NOT IN ALASKA
There Shouldn't Be New Offshore Drilling In Alaska
Offshore Drilling Impacts
Everyone loves our great Alaskan landscape but this new oil rig will jeopardize all of our beautiful wilderness and waters. Pipelines could break, oil could run off the rig and get into the water, and also there could be an oil spill like before in 1989 and 2006! If there's just one oil spill we could lose everything and all of the animals and even our people would probably get sick and die! Would you want to risk all of this just for oil?
Our Environment's Welfare
Risks
At night, oil rigs attract birds because of their lights. Most birds end up flying straight into the rigs or get incinerated right on the spot. They get burned because of the burning of fossil fuels to make black carbon. Black carbon affects an environment in a huge way. It makes the climate's temperature rise which could cause a really big problem in Alaska. We don't need our ice caps to melt now do we?
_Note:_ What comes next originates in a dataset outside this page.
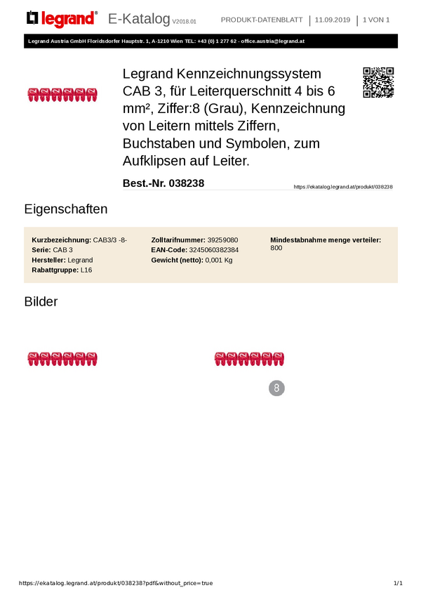 Legrand Legrand 038238 Oznacznik kablowy Nadruk 8 Zakres średnicy zewnętrznej 3.80 do 5 mm 038238

While drilling, a lot of firing air guns are involved. This sends a strong wave across the sea floor that could decrease catching fish,and can severely hurt the marine organisms hearing. Also, the drilling waste and metal cuttings are dumped into the ocean without care. I can tell you right now, no good intentions are going to come with this new oil rig.
The pipelines will end up messing up our environment. They can cause erosion and degrade the natural environment. Once our beautiful environment is gone, what do we have left? No one will want to come here anymore because of how disgusting it will look. Then our tourism will be shot right into the ground.
Past Oil Spills
On March 24, 1989 an oil spill occurred in Prince William Sound, Alaska. The oil tanker called Exxon Valdez hit a reef and spilled about 260,000-750,000 barrels of crude oil into the water. It is one of the worst human caused environmental disasters in history and was also the worst US oil spill up until the Deepwater Horizon spill occurred. It covered about 1,300 miles of coastline and about 11,000 miles of water.
On March 6, 2006 yet another oil spilled happened in Alaska. It is known as the Prudhoe Bay oil spill. It leaked for about 5 days and leaked about 267,000 gallons of oil into the water, covering about 1.9 acres. It is still the largest oil spill in Northern Alaska.